There’s something fishy going on at Shaquille O’Neal’s $10 million mansion in the Isleworth community.

O’Neal wanted to convert his billiards room into an Egyptian-themed cigar bar with an aquarium that would make a statement. So he turned to his friends at Acrylic Tank Manufacturing, the team that designs and builds custom aquariums for celebrities on Animal Planet’s show “Tanked.”

O’Neal had an aquarium at his home in Los Angeles, but because it was built into the wall, he had to leave it behind when he was traded to the Miami Heat.

Last year, he called on Wayde King, Brett Raymer and the rest of the ATM team to build a new tank in his Windermere home. The aquarium’s facade is part of a real diesel truck, and it is filled with tangs, a grouper, a puffer and other fish and corals. Looking Glass Aquariums, an Orlando-area company that partners locally with ATM, maintains the tank.

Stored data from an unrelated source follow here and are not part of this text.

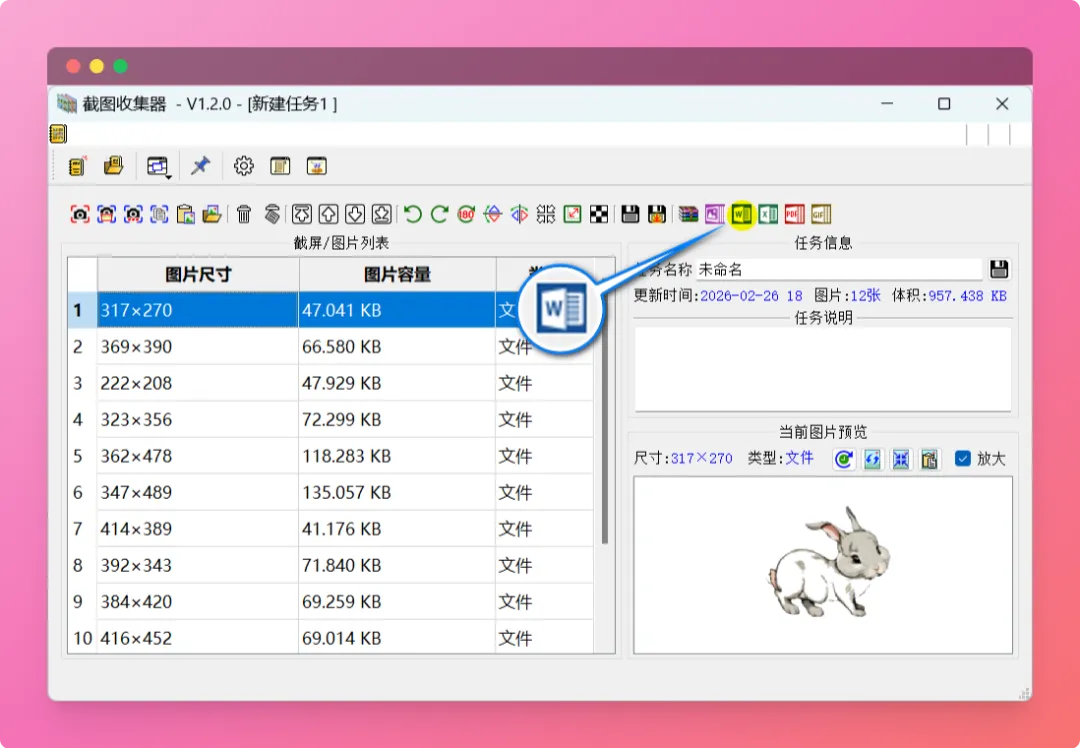 二、接着点击Word图标,将这些图片集中到Word文档中,制作成合集。
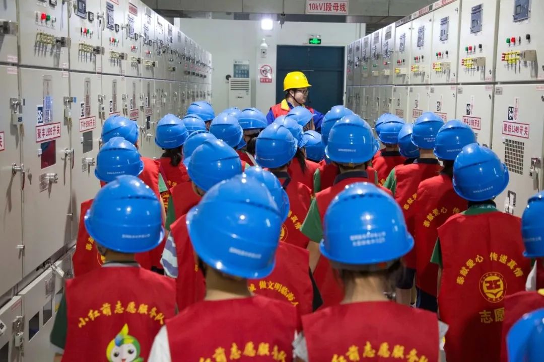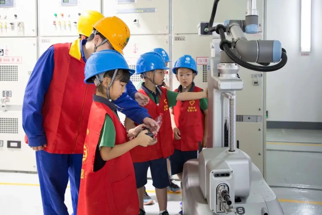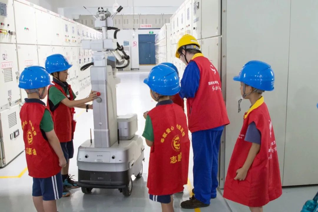 在变电站的开关室里,同学们参观了各种设备,被智能操作机器人深深吸引。在工作人员的指导下,同学们操作它前往指定设备,完成了设备状态核对的任务。
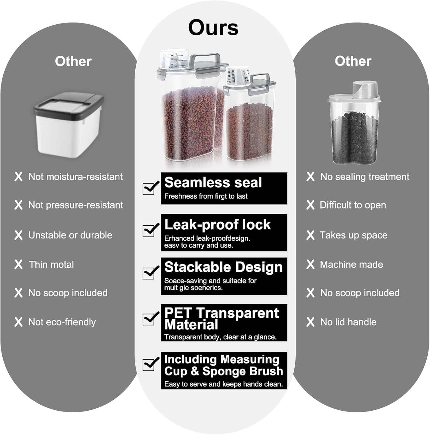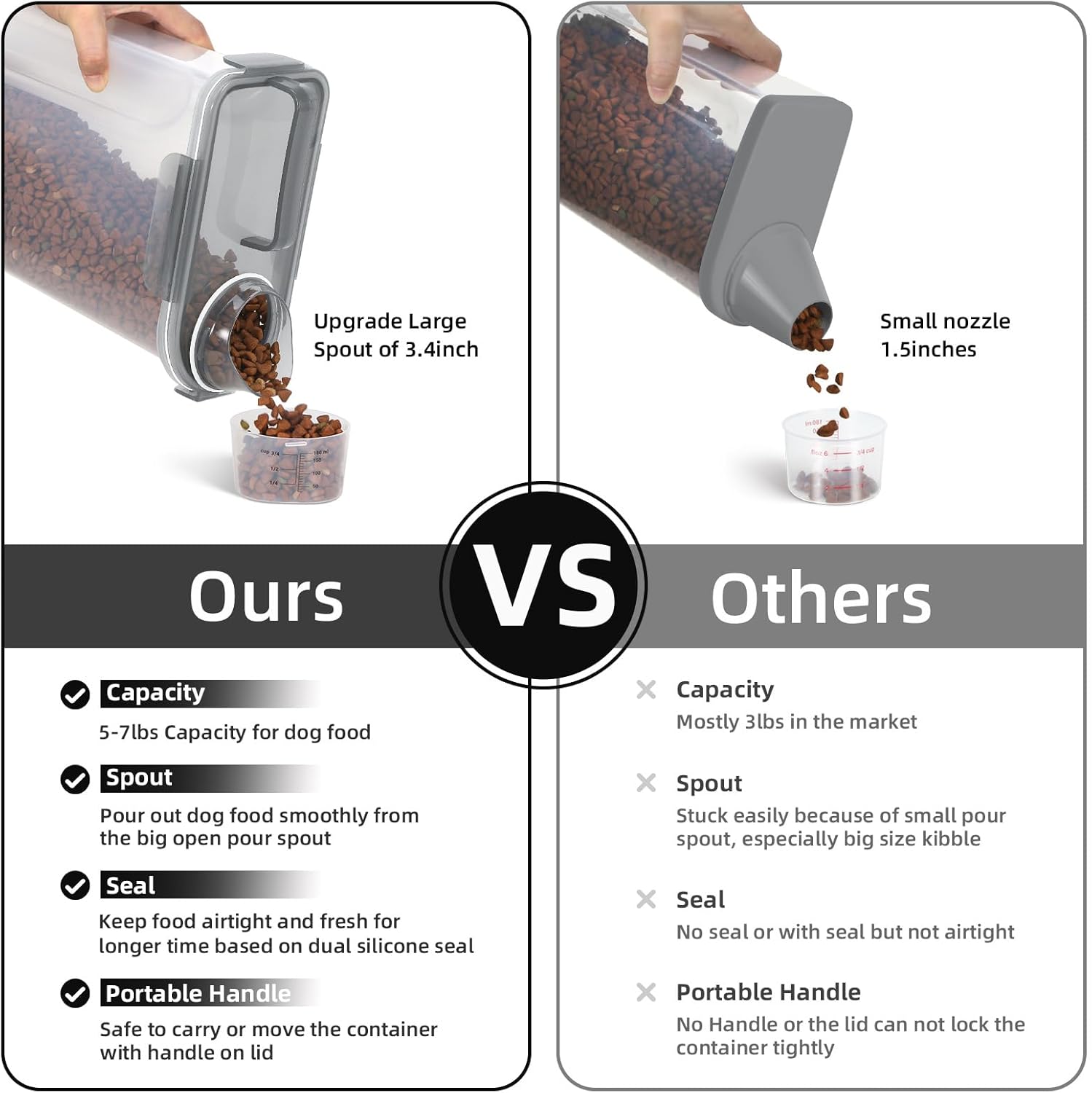 • BENEFITS: Upgraded Large Pour Spout with Measuring Cup-We upgraded the mold so that the pour spout is large enough to pour out large dog food.You can now pour food easily and quickly.The newly upgraded measuring cup can now also be easily screwed onto the nozzle
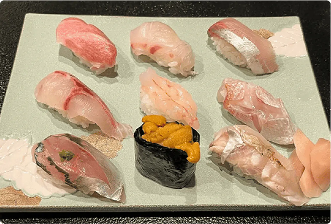 敦賀漁港で水揚げされた魚を中心に10貫または13貫、1貫ずつご提供いたします。
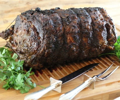 Put the roast on a platter while it rests and collects its juices. After 30 minutes, the internal temperature of the roast should should be about 140°F, or medium rare. Transfer to a carving board. Cut the strings from your roast and slice.
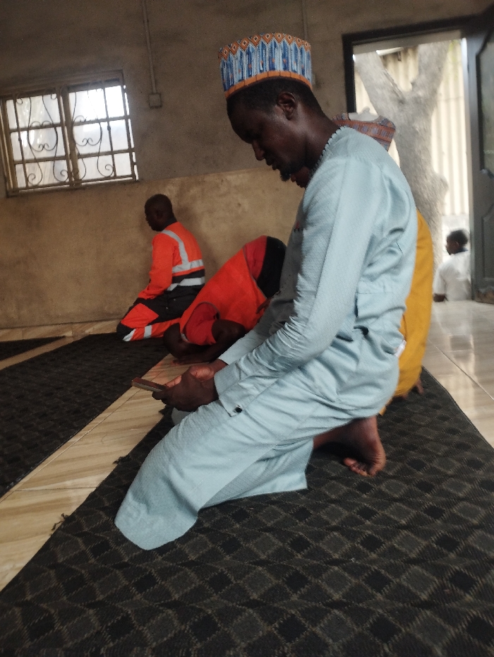 man in a blue and white patterned cap and a light blue robe kneeling on a patterned black rug inside a building in Ashaka, Nigeria, at 10
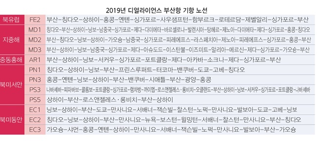 디얼라이언스는 아시아-북유럽 노선에서 총 5개의 서비스를 제공할 계획이다. 부산 취항 노선은 1개(FE2)다. 부산을 출발해 중국 칭다오와 상하이, 싱가포르를 거쳐 사우샘프턴, 함부르크, 로테르담 등을 연결하는 서비스다.
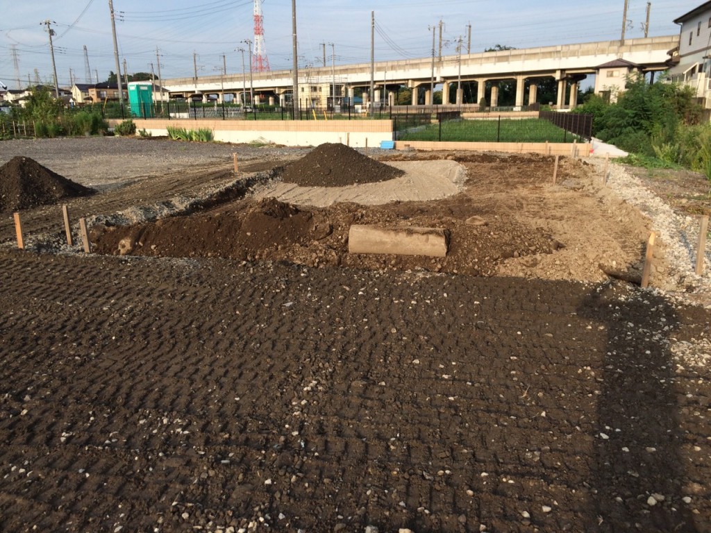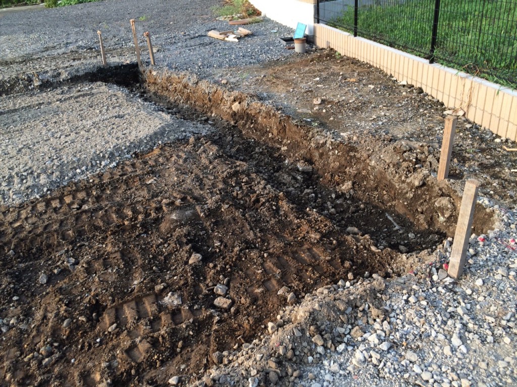 小山市 H町のガレージの下地の掘削、砕石敷き、フェンス柱部ハツリの作業をしました。

Bill Hamel, center, and OSC employees Michael Cullen and Zakary Shafer
Bill Hamel, center, and OSC employees Michael Cullen and Zakary Shafer

But one tank wasn’t enough. O’Neal decided he wanted to install a second tank in his home this year that would feature one highly prized fish: the bumblebee grouper, one of the biggest types of fish found around coral reefs.

“Shaq knew he wanted this fish, and we designed what else could go around it safely,” said Bill Hamel, owner of Looking Glass Aquariums and a former resident of Windermere.

Other fish in the new tank include a three-foot eel and some smaller groupers.

O’Neal’s grouper is currently about 2 feet long and weighs 30 pounds, but it is nowhere near fully grown. The species can get up to about 8 feet long and weigh about 800 pounds.

When the fish outgrows O’Neal’s 800-gallon tank, it will be relocated to SEA LIFE Aquarium

Orlando.

“He’s pretty good in Shaq’s tank for maybe two years,” Hamel said.

The tank that now houses the grouper is triangular and can be viewed from anywhere in the room. Its facade features Sphinx-like figures and O’Neal’s career nicknames, such as Diesel and Superman, in Egyptian hieroglyphics.

To see the tank and O’Neal’s reaction to its reveal, watch “Tanked” at 10 p.m. Friday, Nov. 20, on Animal Planet.

O’Neal’s top priority for the new tank was to have a bumblebee grouper.
O’Neal’s top priority for the new tank was to have a bumblebee grouper.